In the case of 25 divided regions, when the number of regions whose entire surface is a recess is 25, the entire surface becomes a recess, that is, the sheet does not have a recess as a result over the entire surface of the sheet. Needless to say, no effect can be obtained. In the case of a square region, the same applies when the entire surface of all the square regions is a recess.

The 2-h sheet has a square opening in the sheet, and vertical and horizontal straight concave portions exist on the peripheral edge of the frame-shaped sheet. This sheet has a plurality of recesses in 16 regions at the peripheral edge.
As shown by the 2-h sheet, the foamed sheet of the present invention may have an opening. In this case, the shape of the opening is not particularly limited, and examples include the shape exemplified as the shape of the recess, for example, a linear shape, a substantially circular shape, a substantially quadrangular shape, a substantially triangular shape, a substantially polygonal shape, and a combination thereof. Further, the opening may be provided at one place as shown by the 2-h sheet, or may be provided at a plurality of places.

In the case of having openings, the area ratio of the openings to the entire sheet surface is preferably 1 to 90%, more preferably 10 to 85%, and still more preferably 20 to 85%. When the area ratio of the opening is within the above range, the recess can be sufficiently formed, and the impact absorption and the pooling resistance are improved.

Each mode shown in FIG. 3 has a square area and has various patterns of recesses. Although only two examples are shown in FIG. 3, for example, a sheet having concave portions having the same pattern as the concave portions having various patterns shown in FIG. Can be.
The 3-a sheet has concave portions having the same pattern as that of the 2-a sheet. However, since the area is 1 cm ² or more in the 25 divided areas, a square area is applied as the area. This sheet has no recess in the left end, the right end, and the region of the sixth row from the left, but has a recess in the other regions. The number of regions having recesses is 54, and the ratio of regions having recesses to the entire region (81) is 66.7%.

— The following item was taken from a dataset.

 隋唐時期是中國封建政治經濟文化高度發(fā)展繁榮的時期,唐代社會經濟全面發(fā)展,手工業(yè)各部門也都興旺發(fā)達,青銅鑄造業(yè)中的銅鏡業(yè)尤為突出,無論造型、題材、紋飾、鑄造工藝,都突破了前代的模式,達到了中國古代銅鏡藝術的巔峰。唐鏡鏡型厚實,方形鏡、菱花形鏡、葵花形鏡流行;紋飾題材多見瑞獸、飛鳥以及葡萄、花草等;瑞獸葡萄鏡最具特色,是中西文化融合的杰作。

The 3-b sheet, like the 3-a sheet, has a plurality of straight concave portions, and the regions having the concave portions are the second row from the top, the second row from the bottom, and the third row from the left. In addition, there are recesses in a total of 35 regions surrounded by the region in the third row from the right. The ratio of the region (35) having the recesses to the entire region (81) is 43.2%. When the region is a square region, if there are 9 or more regions having recesses, high shock absorption and excellent pooling resistance can be obtained, but if 40% or more regions have recesses as described above, impact absorption and Pooling resistance is improved.

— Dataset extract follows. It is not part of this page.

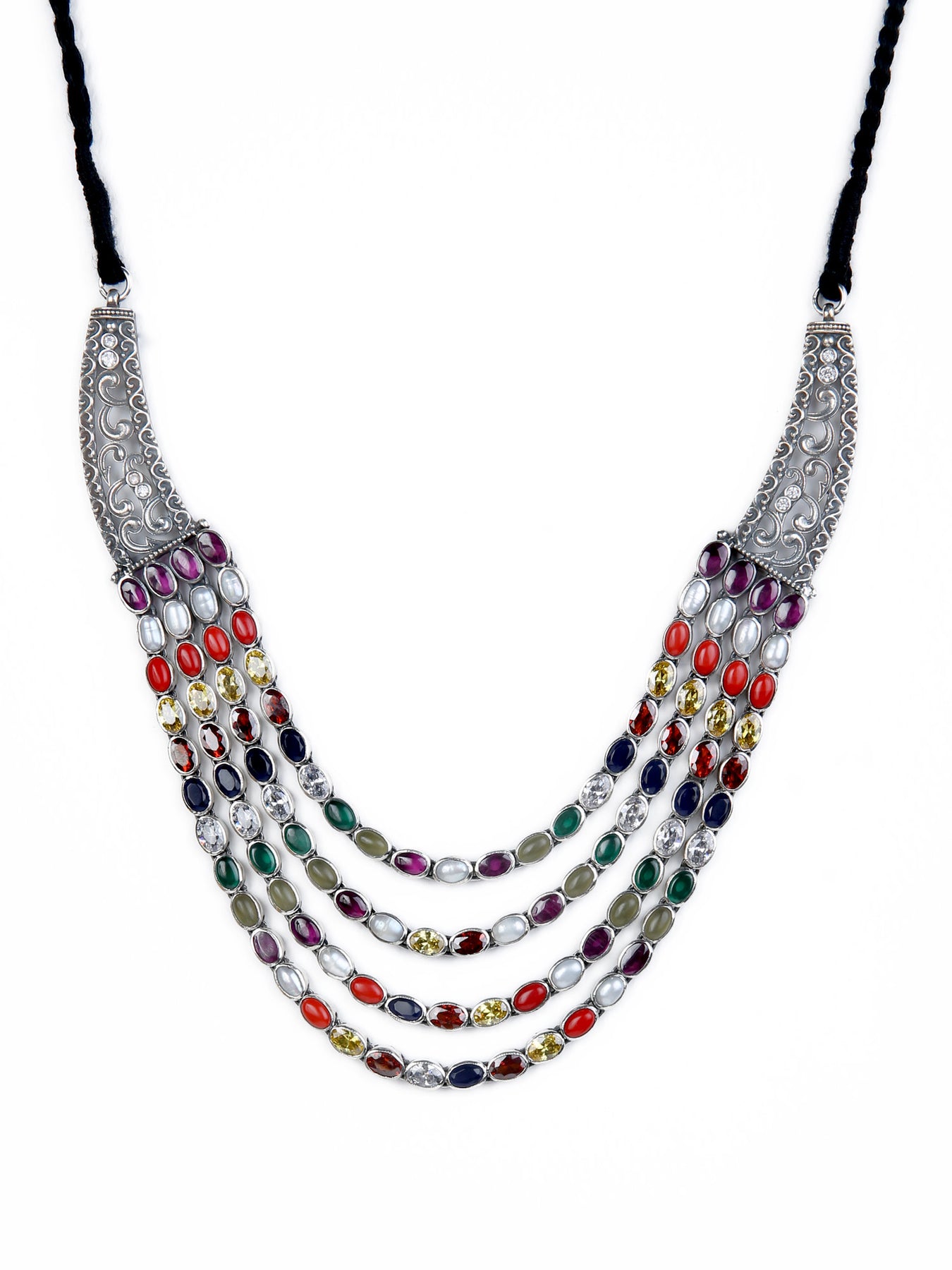 Ajitha Navarathna Necklace - 925 oxidized silver

(Performance of closed cell foam sheet)
The foamed sheet of the present invention is a closed cell foamed sheet composed of closed cells. The closed cell means that the closed cell rate is 70% or more. That is, the bubbles included in the foam sheet are generally closed cells. From the viewpoint of improving impact absorption and pooling resistance, the closed cell ratio is preferably 90 to 100%, more preferably 95 to 100%.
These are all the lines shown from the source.